Restriction Endonucleases
- Crucial for precise and reproducible DNA cutting in gene cloning.
- Type II Restriction Endonucleases cut DNA at specific recognition sites.
-
Recognition sequences: Each enzyme recognizes a specific DNA sequence to cut the double-stranded DNA. Cutting locations can be blunt or sticky ends.
- Blunt ends: A single strand cut precisely at the same point on the double-helix strand.
- Sticky ends: Staggered double-helix cuts, resulting in short, complementary single-stranded overhangs. Sticky ends from different enzymes can ligate together if they are complementary.

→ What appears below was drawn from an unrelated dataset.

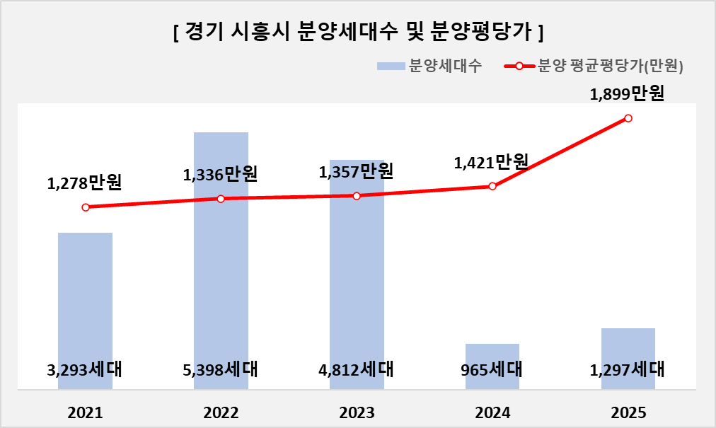 | ㅁ 경기 시흥시 21년~25년 아파트 분양건수 25건, 분양세대수 15,765세대, 분양 평균평당가(만원) 1,458만원 입니다. 세부 연도별로는 - 21년 아파트 분양건수 7건, 분양세대수 3,293세대, 분양 평균평당가(만원) 1,278만원 - 22년 아파트 분양건수 8건, 분양세대수 5,398세대, 분양 평균평당가(만원) 1,336만원 - 23년 아파트 분양건수 7건, 분양세대수 4,812세대, 분양 평균평당가(만원) 1,357만원 - 24년 아파트 분양건수 2건, 분양세대수 965세대, 분양 평균평당가(만원) 1,421만원 - 25년 아파트 분양건수 1건, 분양세대수 1,297세대, 분양 평균평당가(만원) 1,899만원 |

- Recognition sequences vary in length (4 to 8 base pairs), and frequency within a DNA.
- Discovery: The discovery of restriction enzymes is a breakthrough in genetic engineering.
Ligation: Joining DNA Molecules
- Joining together DNA pieces (e.g., vector and DNA to be cloned).
-
DNA ligase: The enzyme that catalyzes this reaction. Different ligases can handle different DNA ends (e.g., blunt or sticky).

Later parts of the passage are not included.